# How to cook Pink Eye Peas



## Melimelo

I have a large quantity of Pink Eye Peas and do not know what the best "southern" recipe is for preparing them. does anyone have any ideas?


----------



## Uncle Bob

Welcome to DC....I/We cook Pink-eyes at least once per week. As a youngster growing up on a large farming operation they were cooked daily! Most folks around my area boil/simmer the peas in salted water seasoned with various seasoning meats...Bacon being by far the most popular. Any other seasoning meats, Ham, Ham hocks, Smoked Neck bones, Pig tails. Salt Pork, Fat Back, Smokled Turkey legs etc. etc. etc. can be used...Good fresh or fresh frozen ones will cook in about 1-1.5 hours.

Quart of Peas
Cover well with water
Bring to a boil. Cover and simmer till done.
Season with 1/2-1 strip bacon
Salt to taste.

Ya gotta have cornbread to go with them.


----------



## Melimelo

Thank you so much. I love pink eye peas and black eye peas but have never prepared them myself. I wanted to do it right and not guess. Thanks again.


----------



## Michael in FtW

Only thing Uncle Bob left out was the "mess-o'-greens" to go on the side ... collard, mustard, turnip, poke ...


----------



## Robo410

I agree , just wonderful!  Love the smoked neck bones!  both for the peas and the greens.


----------



## AllenOK

Ok, I learned something new today.  What, pray tell, are "Pink eye peas"?  I've never heard of them (and I pride myself on knowing just about every type of food item on the planet, if not how to prepare it).  Are they similar to black eyed peas?


----------



## Uncle Bob

Allen...
Pink-Eye Purple Hull Peas get their name from the fact the pea hull is purplish in color when ready to pick, and the cream colored pea has a pink-eye. There are several varieties of pink-eyes. There are also numerous other varieties of Southern Cow peas. Pink-eye purple hull is one, as are black-eyed peas. In many respects they are very similar to black-eyes. One difference is taste/flavor with the black-eye being what some would call more "earthy" than the pink-eye which has a milder/delicate flavor.


----------



## AllenOK

OIC. Thanks for the info.  Looks like I may need to find a source and try them.


----------



## Uncle Bob

Look for the fresh ones in the spring and summer months....Anything canned or frozen in the grocery store doesn't come close to fresh....They can be "doctored' up to be passable however.


----------



## bethzaring

hey Uncle Bob, can you tell me what kind of eyed peas I have?  I had some of these in the freezer for at least 15 years and planted them this year.  I don't know what they are.  My late FIL gave them to me, they were developed by a friend of his.  Can you tell by the photos?
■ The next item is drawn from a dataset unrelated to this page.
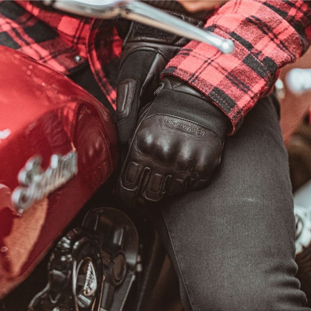 Модель Revolver от Highway21 – это стильные кожаные перчатки с усиленными элементами и хорошим уровнем защиты, предназначенные для уличного использования. Они совмещают классическую кожу с тактическими вставками и обеспечивают комфорт как для ежедневной езды, так и для коротких поездок.Верхний материал: натуральная козья кожа (goat skin leather) – прочная, износостойкая, достаточно гибкая.Тактические вставки из армида (Kevlar / Aramid reinforced panels) для улучшенной стойкости к истиранию в критических зонахЖесткая формованная защита (molded hard knuckle protection) – обеспечивает ударопрочность для области костей рукПерчатки с предварительно изогнутыми пальцами (pre-curved fingers) – для более комфортной посадки и меньшей усталости во время движенияУсиленная ладонь (reinforced padded palm) – для лучшего сцепления и амортизации вибрацийРегулируемый манжет на липучке (hook and loop adjustable cuff) – для надежной фиксации перчатки на запястьеЧувствительность к сенсорным экранам (touch screen compatible/touch finger tip) – позволяет работать с телефоном или GPS, не снимая перчатки

The pods turned purply when the peas matured, but they are kinda brown now.


----------



## Robo410

cow peas, crowder peas, field peas, many varieties, oh so good!


----------



## Uncle Bob

Miss Beth...They appear to be one of the purple hull varieties. As they mature on the vine the hull can go from being purplish with some green to completely dark purple to black at full maturity. The hulls seem to be in the later stages of development...From the pictures I can not determine the color of the "eye"....if they were/are pinkish (not baby pink) but a pinkish, rosy, light reddish color--- then I would say Pink-Eye Purple Hulls. Specific variety unknown.


----------



## Uncle Bob

Miss Beth....These are Pink-Eye Purple Hull...Louisiana Purple Hull Variety...AKA "Top Picks"----The peas mostly make in the top of the plant making them easier to pick....These were the first little picking before they really started to make. As you can see the peas are green---just right!!! The few whiter ones are more mature.


----------



## bethzaring

Thanks UB

From what you say, it appears I have a pink eyed purple hull.

I had only raised bush beans before and was amused by the growing habit of these peas.  The first thing I noticed was the plants sending up match sticks right from the tops of the plants.  After I planted them, I was concerned I had not planted enough to experiment with eating them fresh.  Also I had no idea when to harvest them for fresh eating.  I can't tell if the eyes are pink or black, don't have anything to compare them to.  The yield was not what I was expecting from a bean plant either.  Of course, I received no rain after I planted them.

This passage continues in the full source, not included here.